PROBLEM STATEMENT: Copy the data that follows exactly as it is, excluding all pictures.

Extracted data entries:
* * *

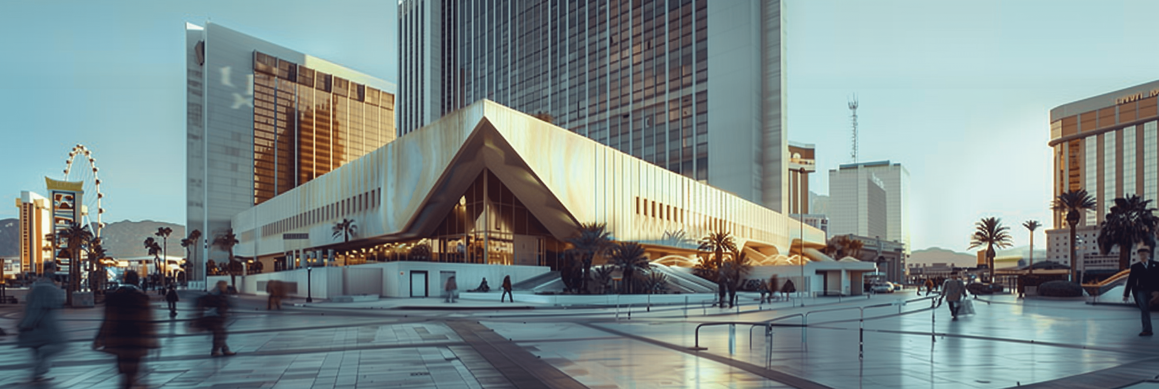 The image captures a striking example of brutalist architecture set against the backdrop of Las Vegas in 1979. Blurry figures move through the scene, adding a sense of dynamism and a touch of nostalgia to the Soviet-inspired structure.
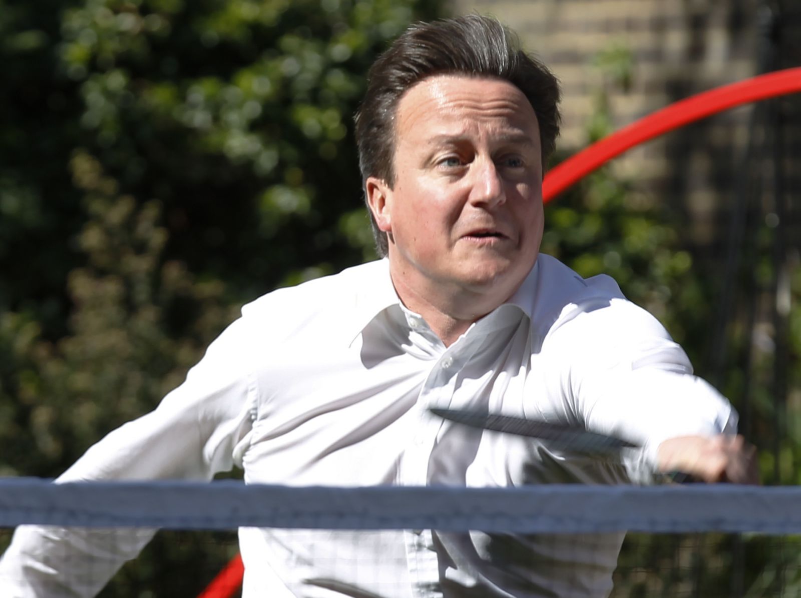 But wait a moment. Who’s this joker, prancing about the gardens of Number 10 Downing Street in his shirt sleeves, wafting a badminton racket around as if he’s trying to swat a fat, asthmatic fly? Why, it’s a pre-tracksuit David Cameron, having a laugh and a joke while playing sport.
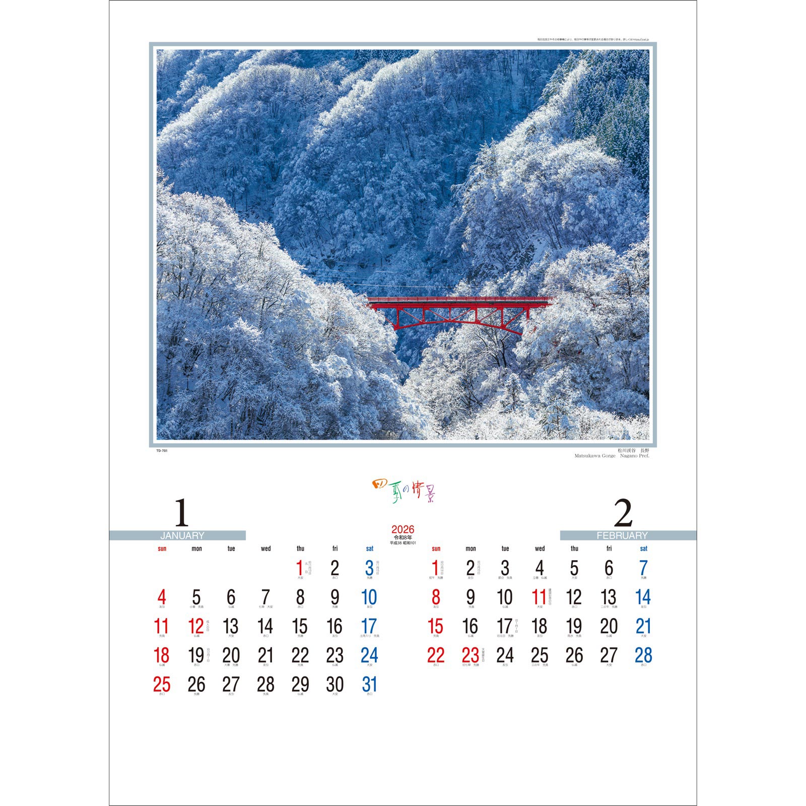このカレンダーは、心癒される落ち着いた雰囲気の情景を堪能できる商品です。
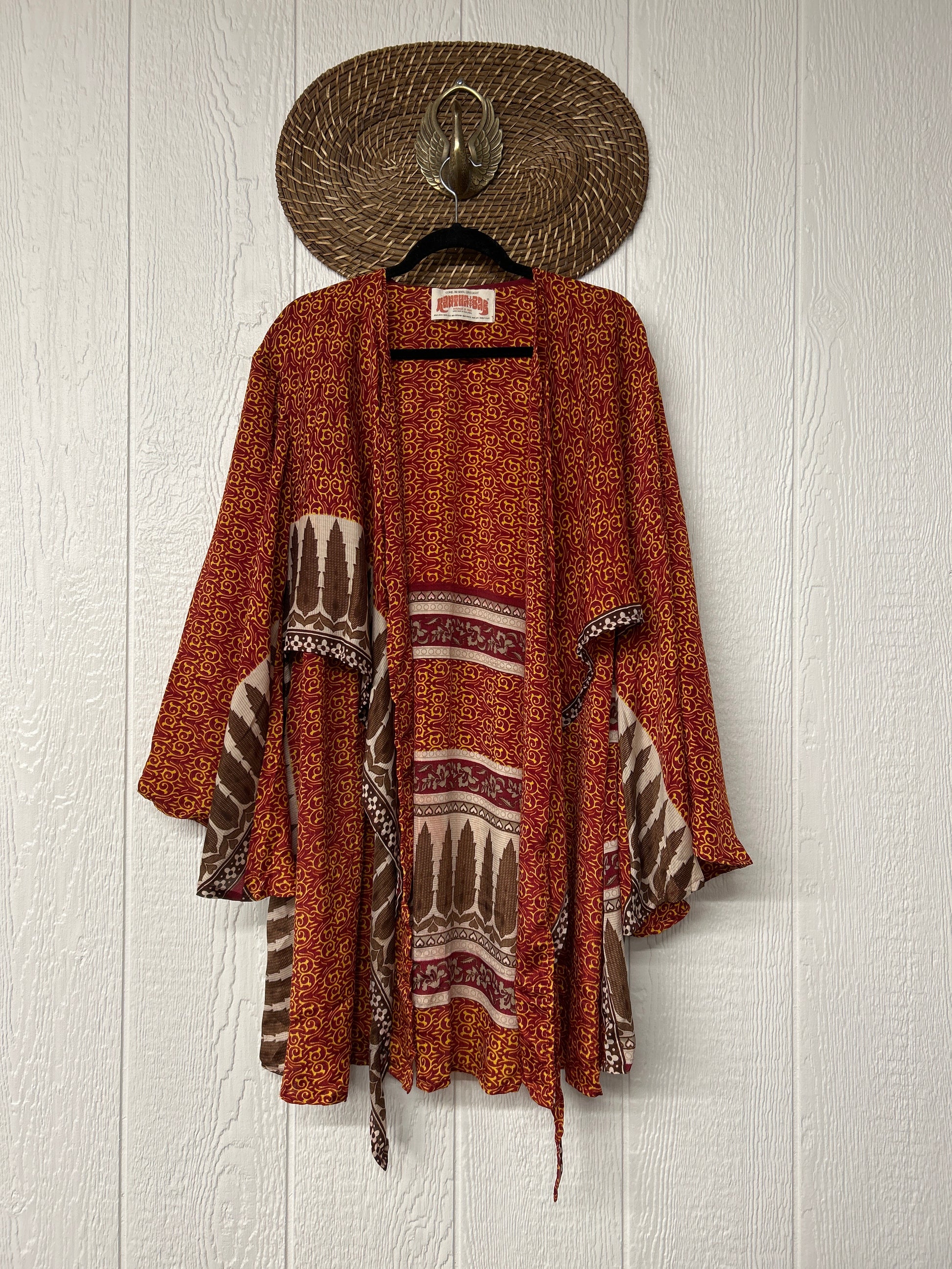 Turn heads in our Spellbound Kimono! Made from our ultra luxe vintage rasgulla sari, this groovy layering piece features exaggerated bell sleeves, a voluminous under layer and tie front shorter outer layer. Wear her open over your favorite band tee or closed with a slip under as a dress. New Shorter length!
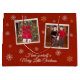 Super niedliche, große Weihnachtsgeschenktasche hat ein texturiertes rotes Hintergrundpapier und 2 Rahmen für einige Ihrer Lieblings-Fotos. Niedliche weiße Schneeflocken sind verstreut. Der untere Punkt sagt: "Haben Sie sich ein frohe kleine Weihnachten, die geändert werden können, um alles, was Sie gerne für Ihre Familie personalisieren. Auf der Rückseite der Tasche steht: "Mit Liebe von unserer Familie zu deinen" (die auch gewechselt werden kann) und ein Platz für deine Namen. Andere Größen sind im Shop erhältlich.
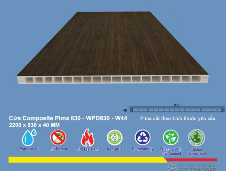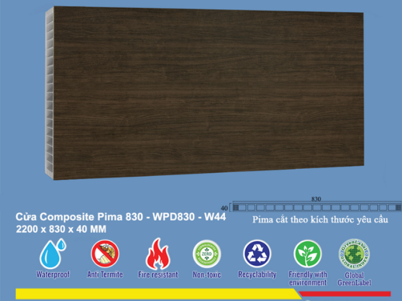 Khả năng chống ẩm, chống nước vượt trội của vật liệu nhựa composite làm cho Phôi cửa Pima 83022 trở thành lựa chọn hoàn hảo cho cửa nhà tắm và nhà vệ sinh. Nó hạn chế tối đa tình trạng ẩm mốc, cong vênh hay hư hỏng do tiếp xúc với nước thường xuyên, đảm bảo độ bền lâu dài cho sản phẩm.

* * *

EXERCISE OUTPUT:
 The image captures a striking example of brutalist architecture set against the backdrop of Las Vegas in 1979. Blurry figures move through the scene, adding a sense of dynamism and a touch of nostalgia to the Soviet-inspired structure.
 But wait a moment. Who’s this joker, prancing about the gardens of Number 10 Downing Street in his shirt sleeves, wafting a badminton racket around as if he’s trying to swat a fat, asthmatic fly? Why, it’s a pre-tracksuit David Cameron, having a laugh and a joke while playing sport.
このカレンダーは、心癒される落ち着いた雰囲気の情景を堪能できる商品です。
 Turn heads in our Spellbound Kimono! Made from our ultra luxe vintage rasgulla sari, this groovy layering piece features exaggerated bell sleeves, a voluminous under layer and tie front shorter outer layer. Wear her open over your favorite band tee or closed with a slip under as a dress. New Shorter length!
 Super niedliche, große Weihnachtsgeschenktasche hat ein texturiertes rotes Hintergrundpapier und 2 Rahmen für einige Ihrer Lieblings-Fotos. Niedliche weiße Schneeflocken sind verstreut. Der untere Punkt sagt: "Haben Sie sich ein frohe kleine Weihnachten, die geändert werden können, um alles, was Sie gerne für Ihre Familie personalisieren. Auf der Rückseite der Tasche steht: "Mit Liebe von unserer Familie zu deinen" (die auch gewechselt werden kann) und ein Platz für deine Namen. Andere Größen sind im Shop erhältlich.
 Khả năng chống ẩm, chống nước vượt trội của vật liệu nhựa composite làm cho Phôi cửa Pima 83022 trở thành lựa chọn hoàn hảo cho cửa nhà tắm và nhà vệ sinh. Nó hạn chế tối đa tình trạng ẩm mốc, cong vênh hay hư hỏng do tiếp xúc với nước thường xuyên, đảm bảo độ bền lâu dài cho sản phẩm.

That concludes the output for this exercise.